Nestled in the heart of the Southern Kootenays in British Columbia, Canada, Greater Trail Hospice Society has been serving Trail and surrounding communities for 35 years. From humble beginnings supporting people at the end of life through a home hospice program, Trail Hospice expanded their services offering a robust program that supports an upstream, palliative approach to care for those living with declining health in the community. These services provide wrap-around care and include end-of-life vigils, grief support for adults, teens, and children, virtual reality programs (e.g., virtual travel programs), digital legacy opportunities, death cafes, library loaning, and Nav-CARE (Navigation: Connecting, Advocating, Resourcing, Engaging).
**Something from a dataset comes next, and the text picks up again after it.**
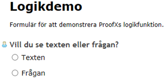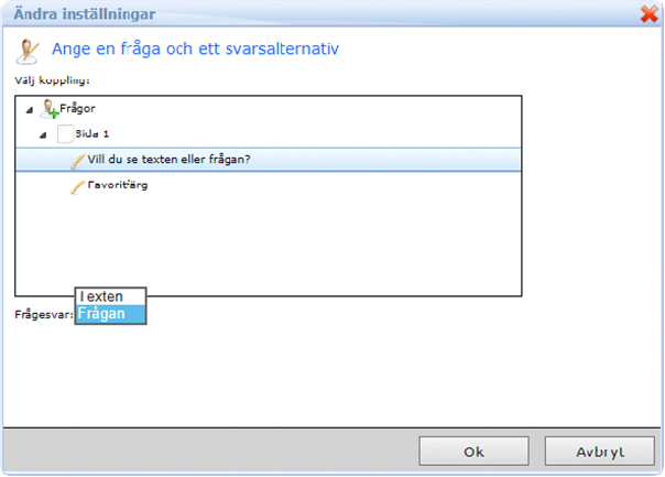 Notera rullgardinsmenyn Frågesvar längst ner. Var noga med att välja det frågesvar som skall utläsa händelsen (vanligen visa/dölja annat material i formuläret).

Gail Potter and Brenda Hooper have been with Trail Hospice since its inception. Gail, a nurse and Spiritual Care provider, and Brenda, a palliative care nurse, have been instrumental in leading the vision of Trail Hospice including bringing Nav-CARE to their community. Linda Merlo, the Volunteer Coordinator, champions the expansion of the Nav-CARE program as it grows into other communities outside Trail. Alongside a diverse and dynamic group of people including their board, the volunteers, and committed community members, these three visionary women embody the sentiment that
As a program that supports a Compassionate Community approach to care, being grounded in community has been integral to the success of Trail’s program: “It really takes a community to do this,” says Linda, “And we’re trying to make it a team and not get territorial about ‘you do this part, I do this part.’ [We] try and just maximize whatever services are available because there is so much need…. What are we doing and how can we help each other?” Relationships with health and social care service providers are key to creating this sense of community, positioning Trail Hospice as part of the “Circle of Care.”
The relationships between volunteers and clients are also central to nurturing a compassionate community. With Trail’s shift of focus from the provision of support mostly during the last hours, days, or months of life to also include an upstream approach, volunteers foster deep connections with clients that develop over time. Linda explains that for those living with serious illness their world can be very small, and Nav-CARE volunteers are integral in bringing the community to the client. Following their training in developing community connections and seeking out resources to support the client, volunteers utilize their skills to help people maintain their quality of life and be as independent as possible, for as long as possible.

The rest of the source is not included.